It is a common belief that DB2 10 and 11 for z/OS can only use 1MB size pageable large pages, other than for buffers, if the CEC has Flash Express installed. For example, the text for APAR PM85944 infers just that. However, this is not true. The only requirement is that the CEC be SCM-capable (SCM = Storage-Class Memory). In other words, it does not matter whether Flash Express is actually installed or not. So if a customer is running on a zEC12 CEC without Flash Express, DB2 could request, and be given, a 1MB size pageable large page, residing in a 1MB size large page frame. However if that page needs to get paged out for some reason, at that point it will be broken down into 4KB page frames.

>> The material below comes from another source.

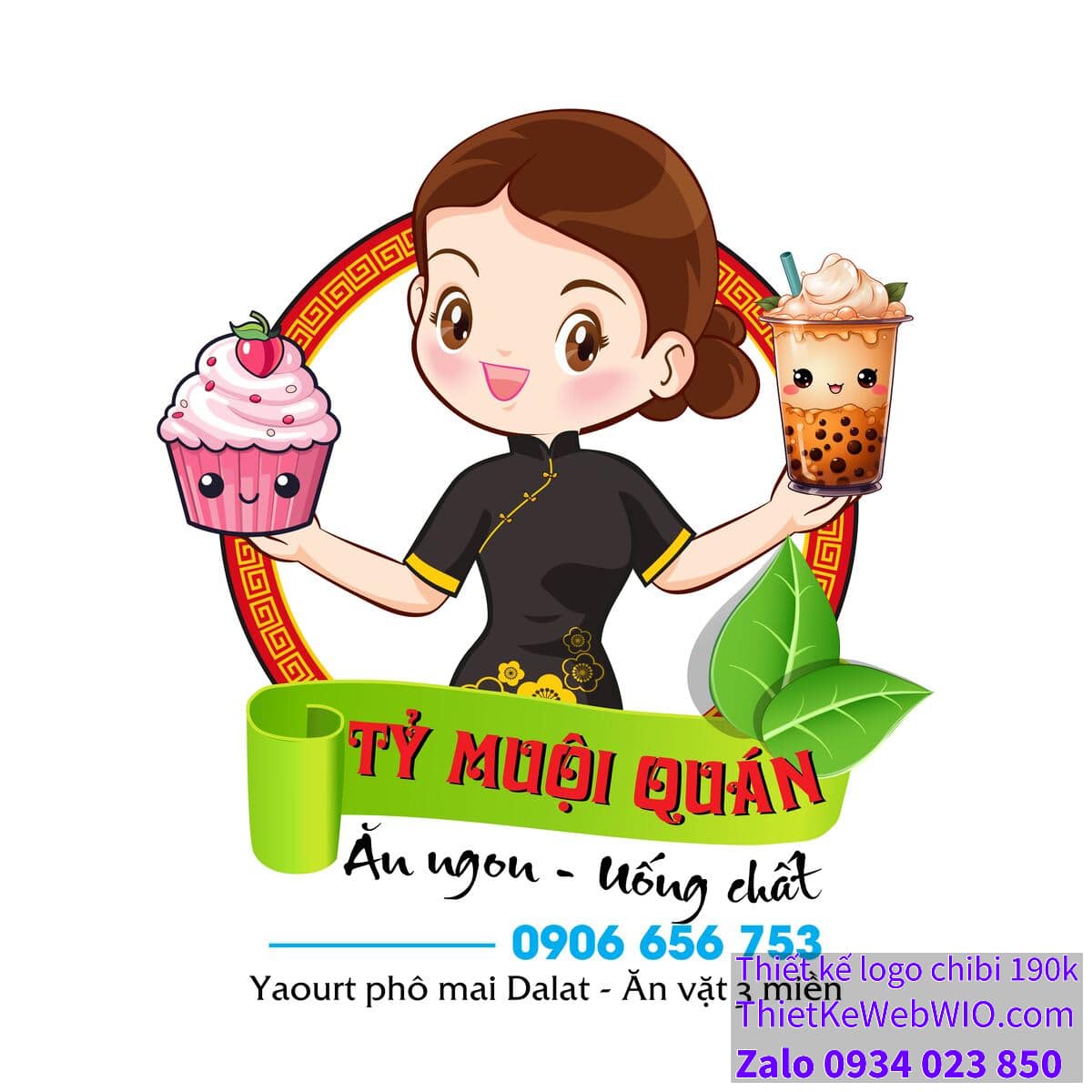 Vẽ chibi cô gái truyền thống Việt Nam mặc tân thời bán trà sữa và kem để thiết kế logo
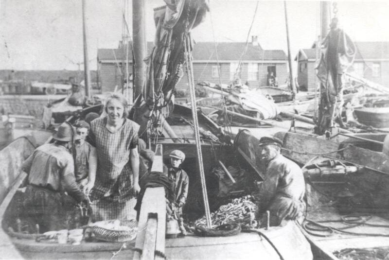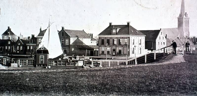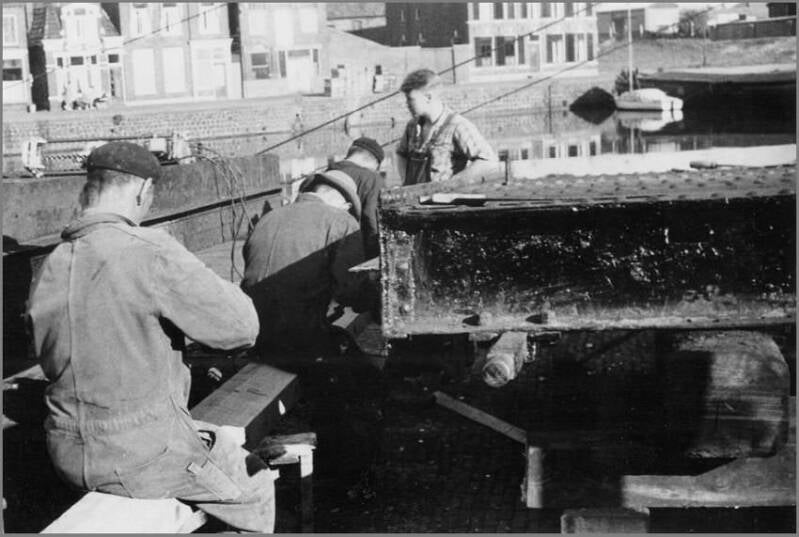 Tevens is een gedeelte van het pand van De Rook waarneembaar. Loodrecht daarop staan drie blokken noodwoningen, evenals een deel van de sluiswoningen. Aan de waterkant ligt de Jan Nieveen, vergezeld door een vaartuig uit de Groningen-serie. In de haven bevindt zich een skûtsje, dat richting de Truitjezijlbrug koerst. Boven de noodwoningen zijn de masten van schepen in de Vluchthaven zichtbaar.

To put it another way, pageable large pages are available on a zEC12 capable CEC with the caveat that if Flash Express is not installed, then if those pages are ever paged out they will be demoted to 4KB page frames. 1MB pageable large pages that are demoted to 4KB page frames as they paged out will never be coalesced: that is, they will remain 4KB page frames for the remaining life of the IPL.
Watch out for open APAR PI18475. This describes a situation where IRLM V2.3 fails with ABEND0C4 in DXRRL770 after PI07853/UI14551 is applied.

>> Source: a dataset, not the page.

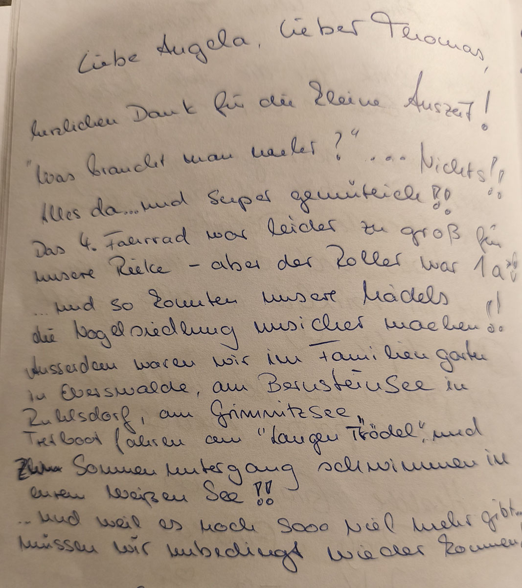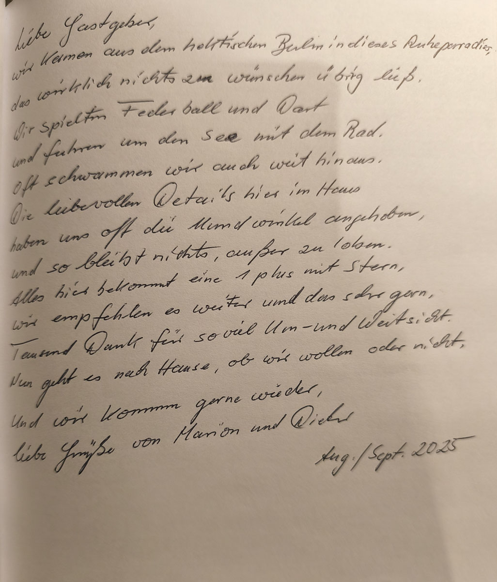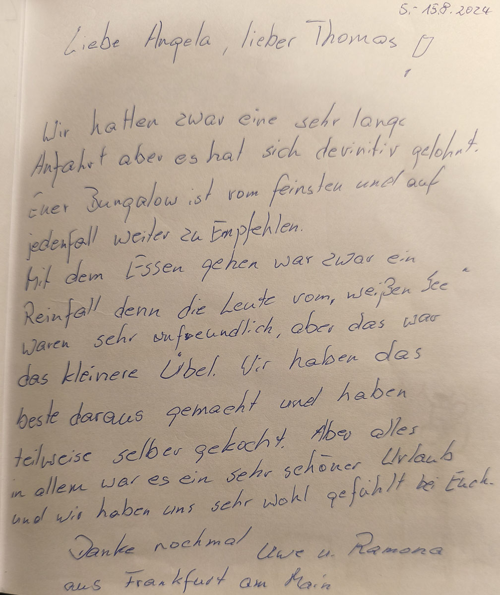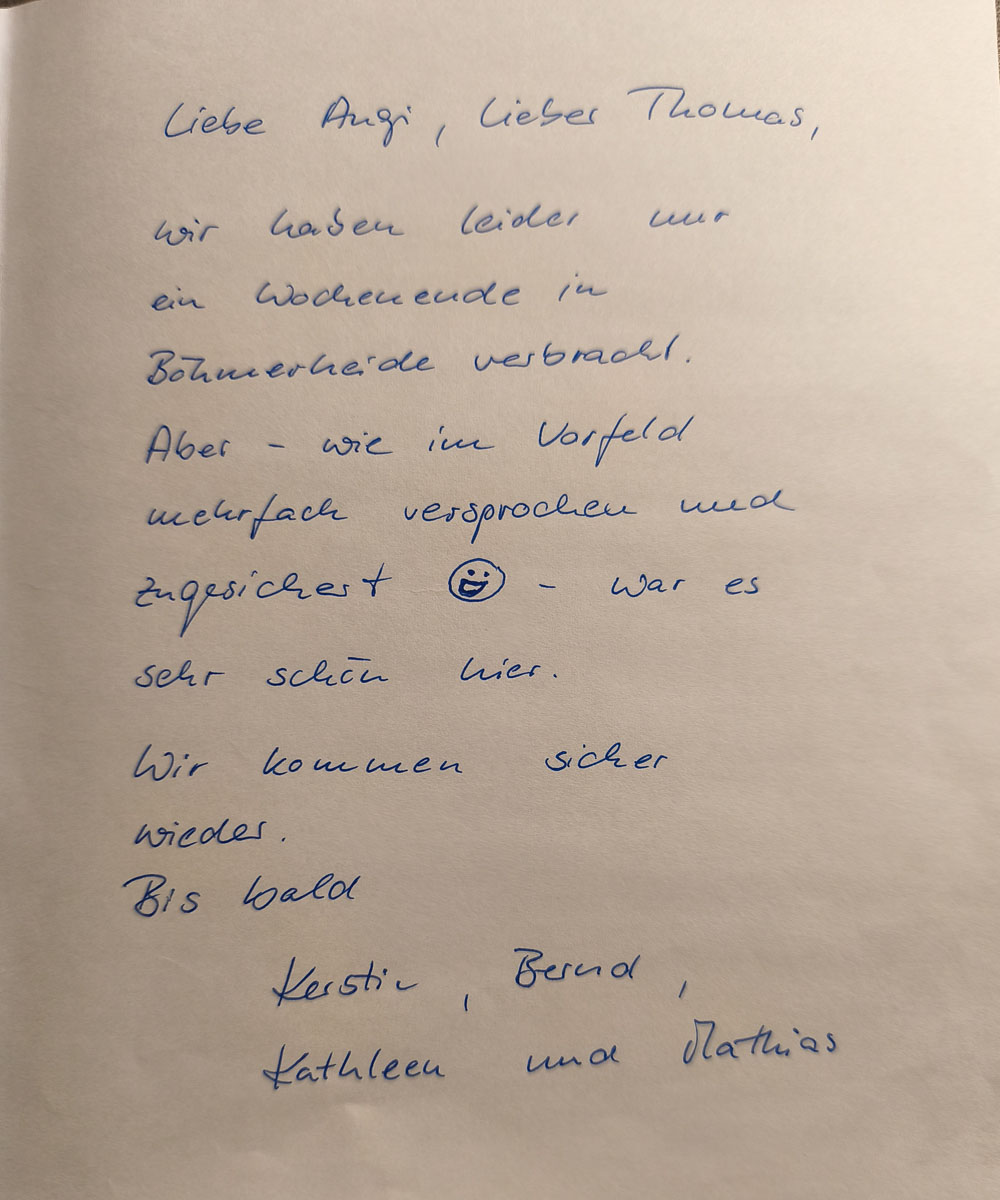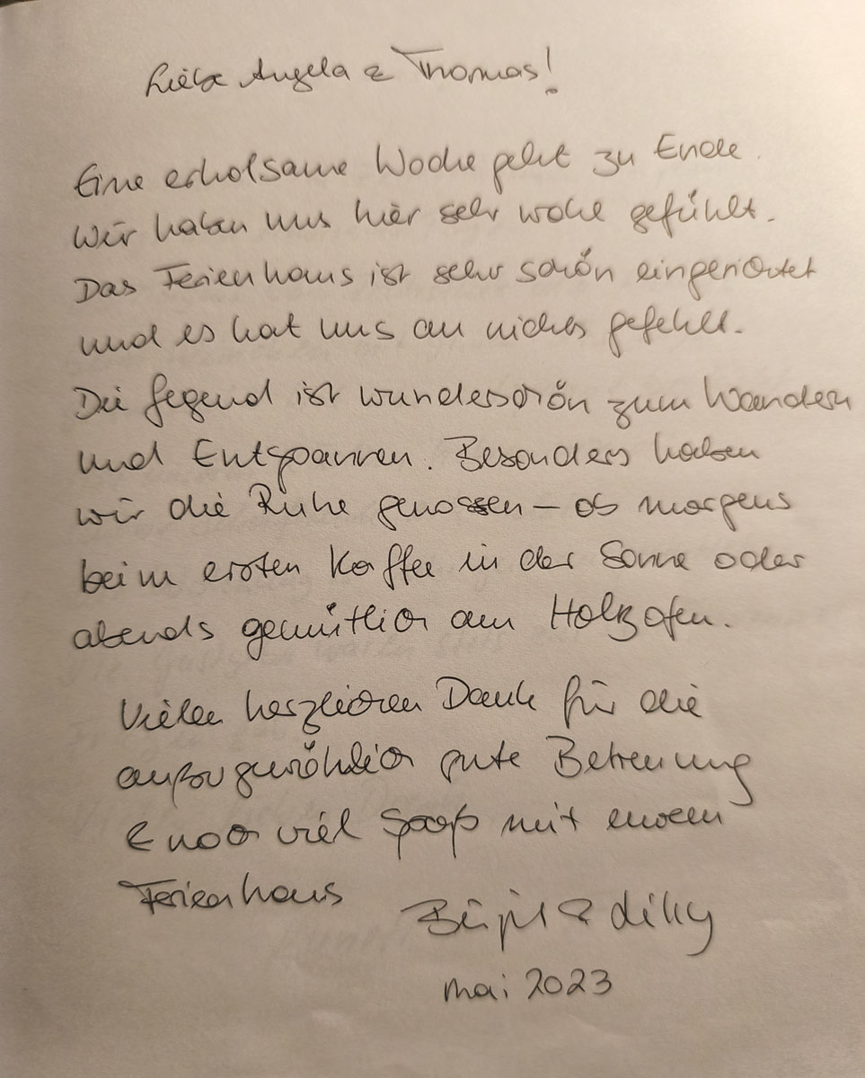 In unserem Gästebuch haben viele liebe Menschen ihre schönsten Urlaubsmomente festgehalten – kleine Zeichnungen, persönliche Worte und unvergessliche Erinnerungen. In unserer Bildergalerie findest du eine Auswahl dieser handgeschriebenen Einträge, die zeigen, wie besonders die Zeit in unserem Ferienhaus für unsere Gäste war.

The error occurs during P-lock processing. The full range of symptoms is unknown, but include DB2 termination with reason code 00C90093, indicating an invalid request to update an object allocated to a utility, preceded by message DSNT501I with reason code 00C202AA.
However, be aware of the warning implied in the APAR text indicating that "other symptoms may be possible". It is strongly recommended that you monitor this APAR and apply the corrective maintenance when available.

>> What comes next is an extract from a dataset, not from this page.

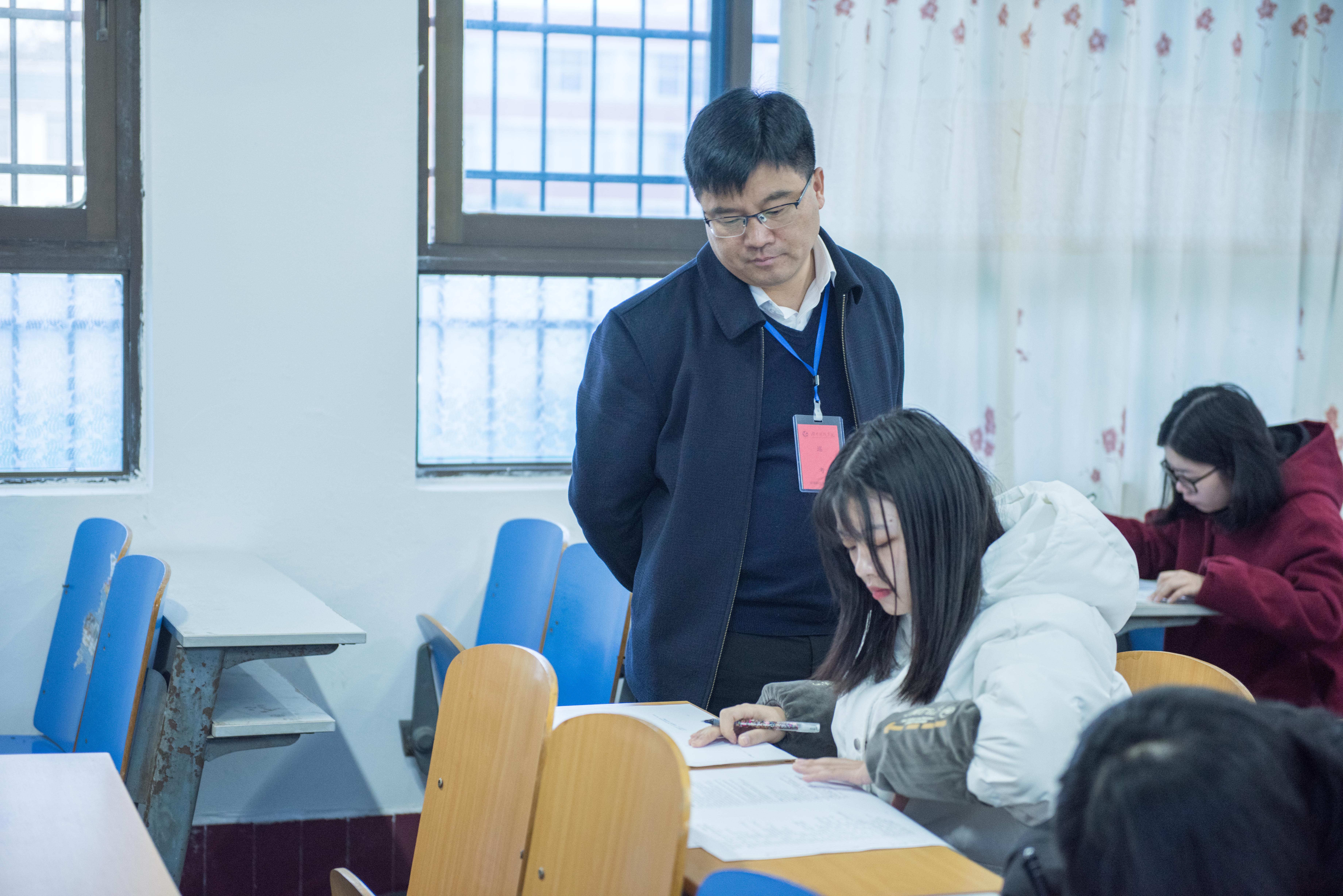 本网讯 1月2日,学校2019年下期期末考试正式拉开帷幕,党委书记曾宝成、校长李钢在教务处相关负责人的陪同下深入各教学学院进行巡考。

The last thing you want to deal with when in a recovery situation is a failed RECOVER, so keep an eye on APAR PI17986, which was closed very recently. This affects customers DB2 10 and DB2 11 customers who have APAR PM88455, PTF UK97229/UK97230 applied. The APAR abstract indicates that this affects customers who use RECOVER TOCOPY, but closer examination of the APAR text reveals that this can also affect customers who use RECOVER TOLOGPOINT or TORBA, so in other words this can affect any PIT recovery.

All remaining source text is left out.